La foto in bianco e nero mostra via Chiaia colpita da uno dei tanti bombardamenti (1)(2)(3) che subì Napoli durante il periodo bellico e i detriti dei palazzi crollati occupano ancora quasi per intero la carreggiata che dovrà essere liberata per il passaggio dei mezzi militari.

I napoletani osservano il loro passaggio che segna la fine dell’epoca più tragica tra quelle moderne, nella città di Napoli, ma quante sofferenze, lutti e tragedie costò la liberazione.

Napoli, durante la seconda guerra mondiale si trovò ad essere un obiettivo strategico importantissimo durante la guerra navale nel Mediterraneo e ancora di più nel 1943.

Il porto di Napoli era il principale porto italiano per le rotte verso l’Africa, e importante era anche la presenza della flotta militare, che nel porto trovava ulteriori spazi che le mancavano a Taranto e La Spezia.

La città si trovò anche ad essere la prima grande città di fronte agli Anglo-americani nella loro risalita lungo la penisola, prima e durante lo sbarco di Salerno.

Il primo bombardamento aereo a Napoli si ebbe il 1º novembre 1940 e colpì soprattutto la zona industriale orientale (a causa della presenza nel quartiere di riserve di carburante e di raffinerie) e le zone limitrofe alla stazione di Napoli.

   Successivi bombardamenti si concentrarono sui Granili e San Giovanni a Teduccio e, ad occidente, su Bagnoli e Pozzuoli.

L’incursione seguente si ebbe la sera dell’8 gennaio 1941, durò circa tre ore e produsse danni, oltre che nella zona portuale, anche nella zona di corso Lucci e al Borgo Loreto.

Con le successive vennero distrutte la raffineria di via delle Brecce e la stazione centrale, il porto e le fabbriche principali, mentre un altro raid provocò molte vittime civili per il crollo di un palazzo su un rifugio in Piazza Concordia.

Nel 1942 si passò dal bombardamento strategico, destinato principalmente agli obiettivi militari, ai bombardamenti a tappeto, fatti con bombardieri pesanti, distribuiti pressoché uniformemente su tutta la città e con molte più vittime civili; lo scopo era anche quello di fiaccare il morale della popolazione e indurla all’esasperazione e possibilmente alla rivolta.

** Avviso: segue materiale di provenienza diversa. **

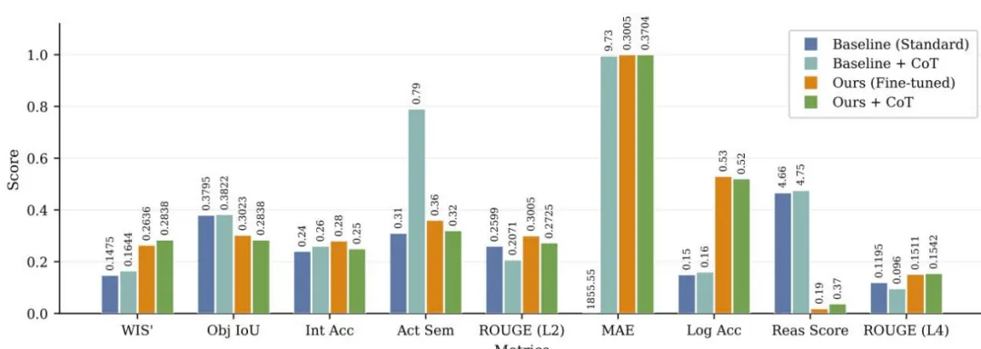 引入思维链(CoT)提示策略后重新评估模型,结果如表5、图10、图11所示: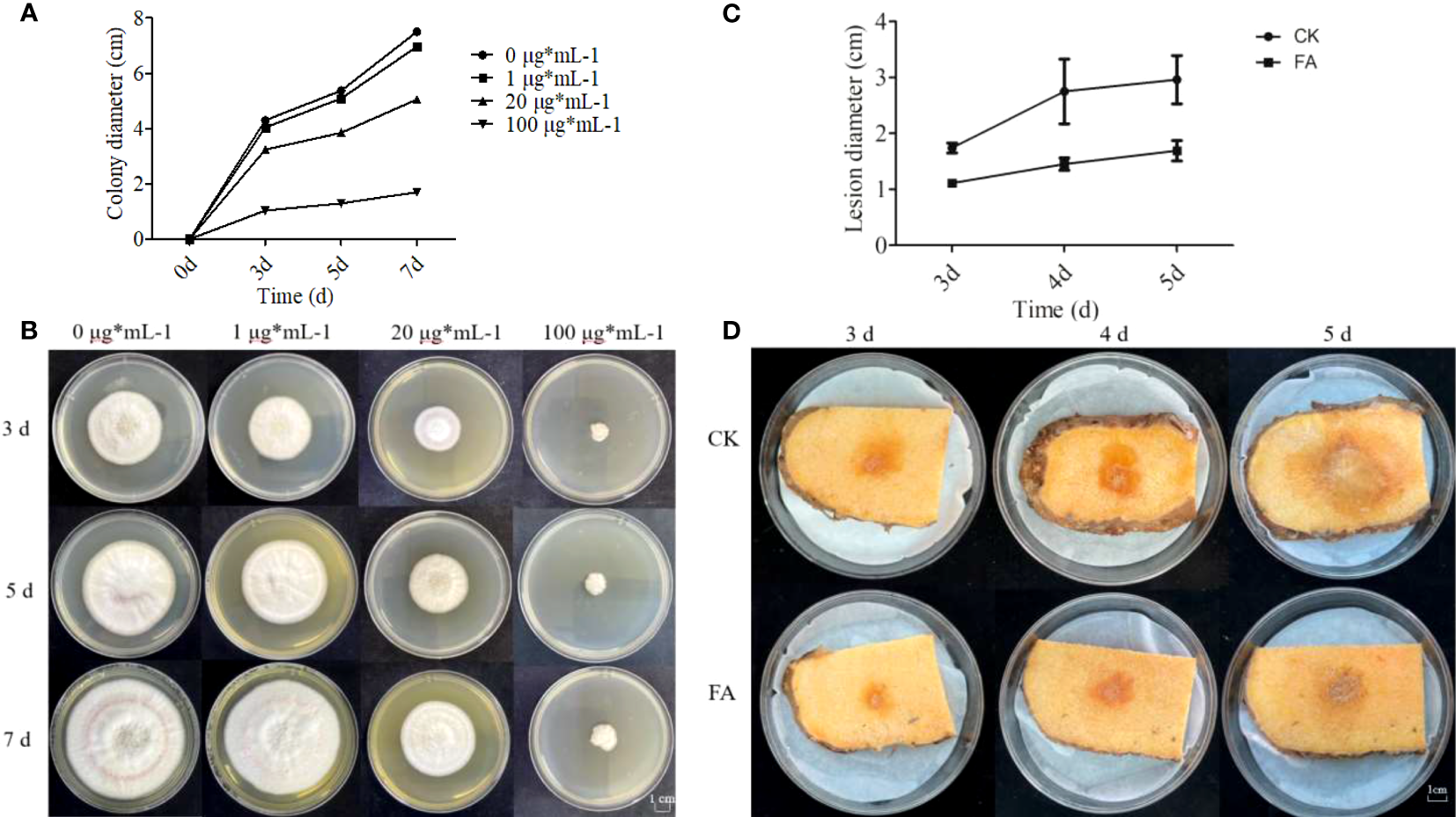 Antifungal activity of FA was evaluated by inoculating 3 μL of the conidial suspension (1 × 105 conidia per mL) on a 5-mm sterile filter paper disk placed in the center of a PDA plate containing increasing concentrations of FA (1, 20, 100 μg mL-1). The PDA plates were incubated at 28 °C. Colony growth was observed on the 3th, 5th and 7th day, the colony diameter of each group was measured with a vernier caliper, and the inhibition rate of strain growth was calculated. FA was dissolved in dimethyl sulfoxide (DMSO) for antifungal assays, and the maximum solvent amount for DMSO was 0.1% (v/v).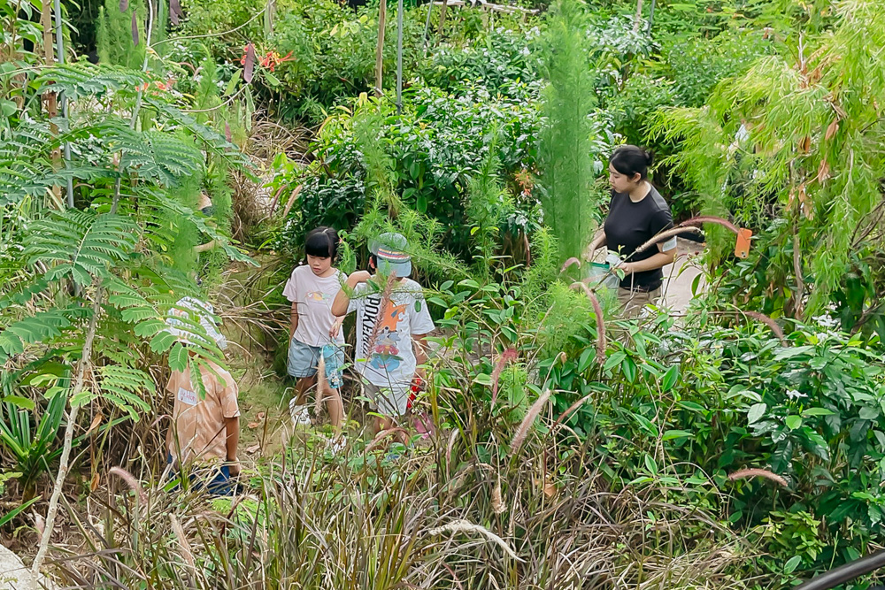 “很多教育活动都集中在净滩、环保回收等具体议题,但很少机会让孩子真正亲近大自然。”两人想让永续议题变得贴地,连接新加坡的实际处境,Chloe说:“在新加坡,接触自然的风险经常被放大,比如害怕孩子摔倒或受伤,这让我们觉得需要用更轻松的方式,让孩子走近自然。”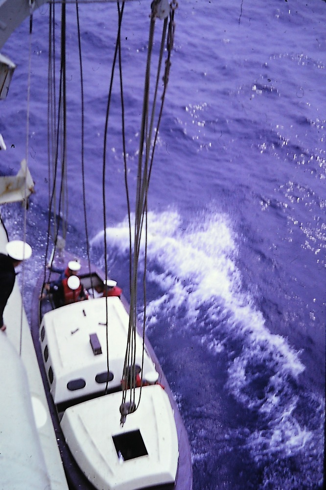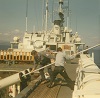 LSWU Del Kolrus (?sp) in HMCS CHAUDIERE'S mortar well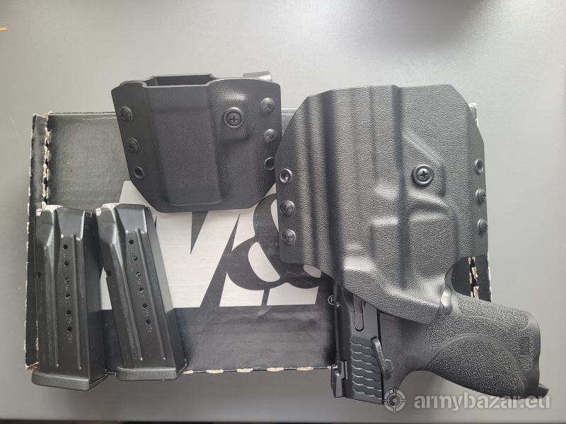 Opis: Pistolet S&W kal. 9 mm w bardzo dobrym stanie wraz z kabura i ładownica dedykowana do tego modelu oraz z całym wyposażeniem jakie daje producent. Pistolet jest na gwarancji do 03.2025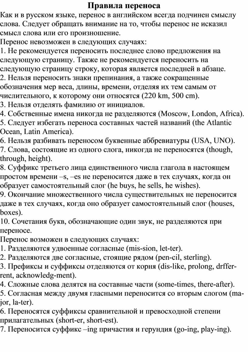 Как и в русском языке, перенос в английском всегда подчинен смыслу слова. Следует обращать внимание на то, чтобы перенос не исказил смысл слова или его произношение.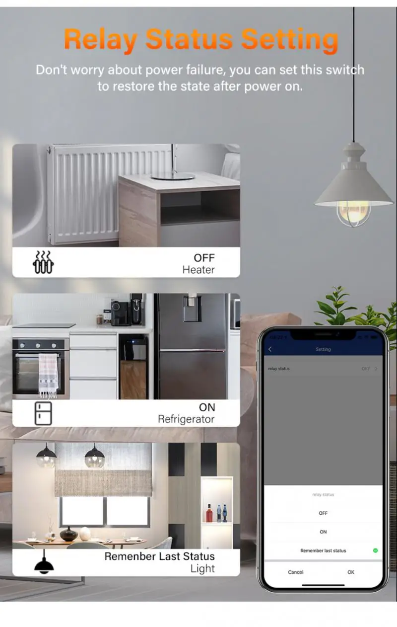 Управляйте включением и выключением устройства, синхронизацией, обратным отсчетом и другими функциями через мобильный телефон. Пока мобильный телефон имеет сеть, модуль переключателя дома можно контролировать по всему миру.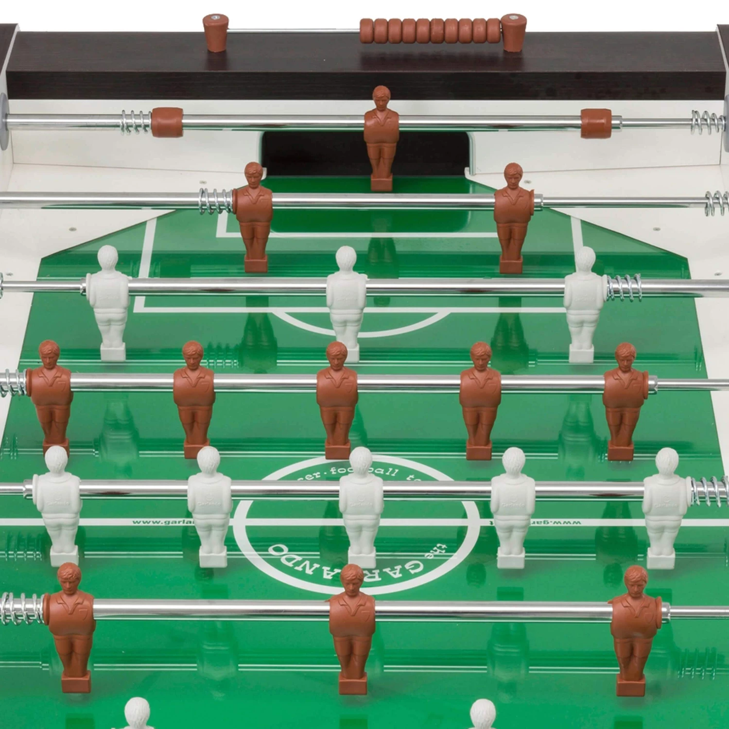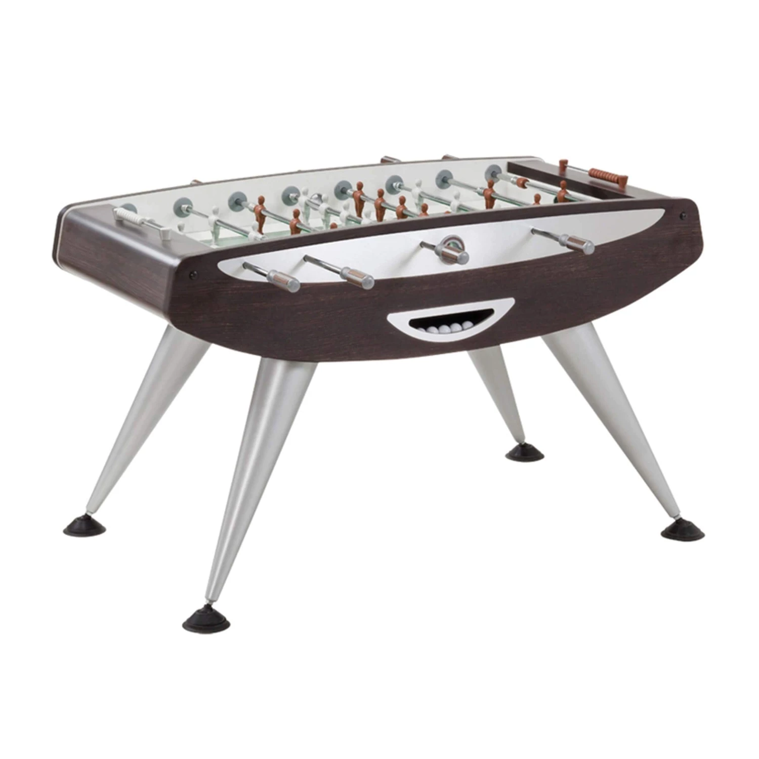 The foosball table celebrating the Garlando’s 60th anniversary is destined to connoisseurs who have a taste for style and refined objects and simply the best. It’s sleek but sturdy cabinet in an elegant wenge coating is enhanced by the brushed aluminum and wooden finishings and features a complete absence of visible screws and plastic details, for the smoothest appearance.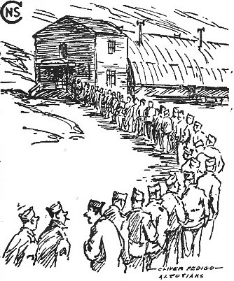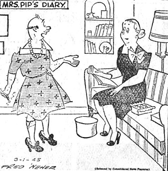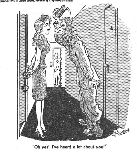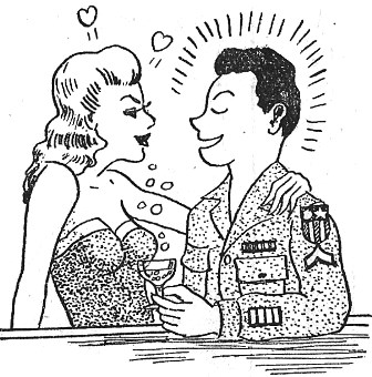 Some people like to talk, about themselves, about their hometown, about anything. But perhaps even better than just plain talk, they like a good argument. I ran into one of these characters last week. I walked by his desk and smiled "good morning" and he started talking. He began by telling me that he was born in Los Angeles in the beautiful state of California in July 1919. He told me about all the beautiful places that he had lived. He gave me the impression that his wife and two children, a boy age one and a girl two, are waiting for him on Telegraph Hill in San Francisco. Then this character went on to tell me that the fateful day when he put on his brown zoot suit for Sam was in June 1941. He talked on about his days in the Army and for some strange reason, he was always stationed in that beautiful state, California. The only point in his whole story where he covered up and did some quick double talk was when I asked him how he got his five stripes. He said something about: "That is something else again but it had nothing to do with work." He changed the subject and started telling about those days in bountiful California when he used to be a stock clerk in a ladies full fashioned hosiery company. (What a racket that must have been. Trying stockings on shapely legs all day). But he doesn't want to go back to that. He wants to be a personnel analyst for the U.S. Employment Service. He should have been winded by this time but he was still talking breathlessly about the last bourbon he had in 1943 and the beer he drinks over here. Speaking of here, he left the States in May 1944 and has 83 points to his credit. It won't be long before he will be seeing San Fran from the California Street cable car and what is the first thing he is going to do when he gets back? Pick up his hobby where he left it - and his hobby is marriage! He hopes that his wife will recognize him. He is still skinny and more anemic looking but he still has the same light brown hair that always looks like he just washed it and can't do a thing with it and the same blue eyes and happy face. This character could go on talking endlessly and if you like the bull shot at you or if you like a good argument, go up to Special Handling and ask for Ray Lower. Or bring yourself and your beer over to barrack C-105. - HCA

Il 4 dicembre 1942 fu il primo bombardamento a cui parteciparono anche gli americani e fu anche il primo bombardamento a tappeto sulla città, tra tanti bersagli furono colpiti case, chiese, ospedali, uffici, il palazzo delle poste, via Monteoliveto (1)(2) e la zona di Porta Nolana (1).

Pochi giorni dopo, in un nuovo attacco fu completamente distrutto l’ospedale Loreto e solo in questo attacco ci furono circa 900 morti.

Ma il più grave fu quello delle 16.45, un attacco terribile, inimmaginabile, la gente venne colpita da una valanga di bombe mentre si trovava ignara nelle strade, nelle case, negli uffici, mentre accudiva alle proprie faccende, venne colpita senza capire che cosa stava accadendo”.

Due tram carichi di passeggeri furono centrati a via Monteoliveto e saltarono in aria col loro carico umano provocando anche il crollo di un’ala della Posta centrale che travolse numerose persone.

La zona portuale fu devastata, a porta Nolana furono colpiti due fabbricati, alla fine i morti ufficialmente erano 359, più oltre trecento feriti, ma diversi cadaveri furono estratti, spesso a brandelli, nei giorni successivi.

Nel frattempo le incursioni diventavano sempre più frequenti e, a partire dall’11 gennaio del 1943 divennero addirittura giornaliere con la nuova tattica, dopo il bombardamento, di scendere a bassa quota per mitragliare la popolazione inerme che fuggiva nelle strade.

Il 21 febbraio, con un’incursione ricordata come la strage di via Duomo, venne devastata tutta la zona del decumano maggiore, mentre nel mese di marzo vennero colpite le zone del Carmine, di via Pignasecca (1), Piazza Cavour (1), e Capodimonte (1).

Nello stesso periodo, il 21 marzo si ebbe l’esplosione della motonave Caterina Costa, che da sola provocò oltre 600 morti e 3000 feriti.

Nel mese di aprile vennero colpite le zone di Corso Garibaldi, via Depretis (1), via Medina (1), Piazza Amedeo, Parco Margherita, via Morghen.

Ancora più pesante fu il bombardamento del 4 agosto, effettuato da oltre 400 “Fortezze Volanti” B17 e nel quale venne distrutta la trecentesca basilica di Santa Chiara, atto che oggi appare inspiegabile da un punto di vista tattico, mentre il 6 settembre, ad armistizio già firmato, si ebbe paradossalmente l’incursione più lunga in assoluto sulla città di Napoli.

Ma dopo il 1943, con l’avvicendamento dell’occupazione americana a quella tedesca, le cose non migliorarono ancora, la città era infatti ora diventata retroguardia della “linea Gustav” e dovette quindi subire nuovi bombardamenti, anche se meno frequenti, da parte dell’aviazione tedesca.

Tra queste, la più pesante fu quella della notte tra il 14 e il 15 marzo del 1944, che provocò circa 300 morti.